TASK ITEM: In the data below, the answer is the run of lines from the line containing "Minik tabak, VICTORIA" through the line containing "Tilgate, (ward) includes", both included; print it exactly and nothing else.

RECORD EXTRACTS:
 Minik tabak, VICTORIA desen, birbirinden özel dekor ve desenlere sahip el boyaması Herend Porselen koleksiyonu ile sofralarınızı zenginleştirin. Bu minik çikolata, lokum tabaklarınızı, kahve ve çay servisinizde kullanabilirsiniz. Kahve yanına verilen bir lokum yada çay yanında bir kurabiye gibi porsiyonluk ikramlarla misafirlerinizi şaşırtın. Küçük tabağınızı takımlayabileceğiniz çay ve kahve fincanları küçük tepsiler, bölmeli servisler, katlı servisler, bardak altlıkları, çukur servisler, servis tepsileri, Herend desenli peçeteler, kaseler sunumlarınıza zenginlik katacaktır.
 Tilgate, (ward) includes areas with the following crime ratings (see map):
---
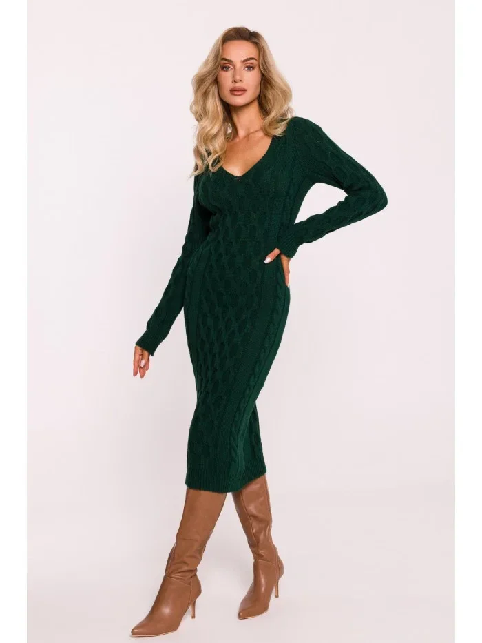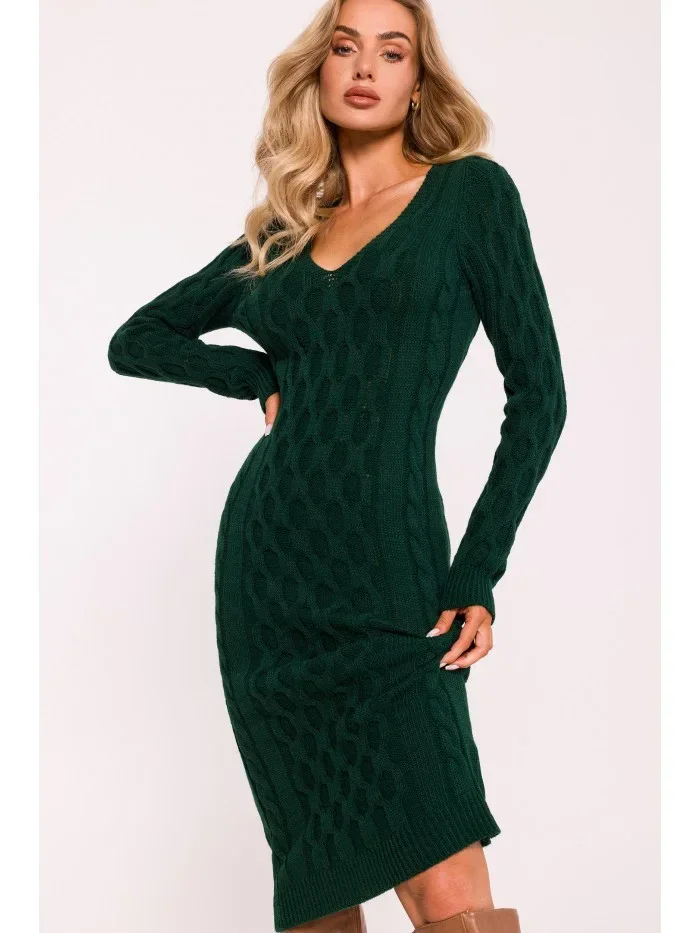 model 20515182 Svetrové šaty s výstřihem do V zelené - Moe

OUTPUT:
 Minik tabak, VICTORIA desen, birbirinden özel dekor ve desenlere sahip el boyaması Herend Porselen koleksiyonu ile sofralarınızı zenginleştirin. Bu minik çikolata, lokum tabaklarınızı, kahve ve çay servisinizde kullanabilirsiniz. Kahve yanına verilen bir lokum yada çay yanında bir kurabiye gibi porsiyonluk ikramlarla misafirlerinizi şaşırtın. Küçük tabağınızı takımlayabileceğiniz çay ve kahve fincanları küçük tepsiler, bölmeli servisler, katlı servisler, bardak altlıkları, çukur servisler, servis tepsileri, Herend desenli peçeteler, kaseler sunumlarınıza zenginlik katacaktır.
 Tilgate, (ward) includes areas with the following crime ratings (see map):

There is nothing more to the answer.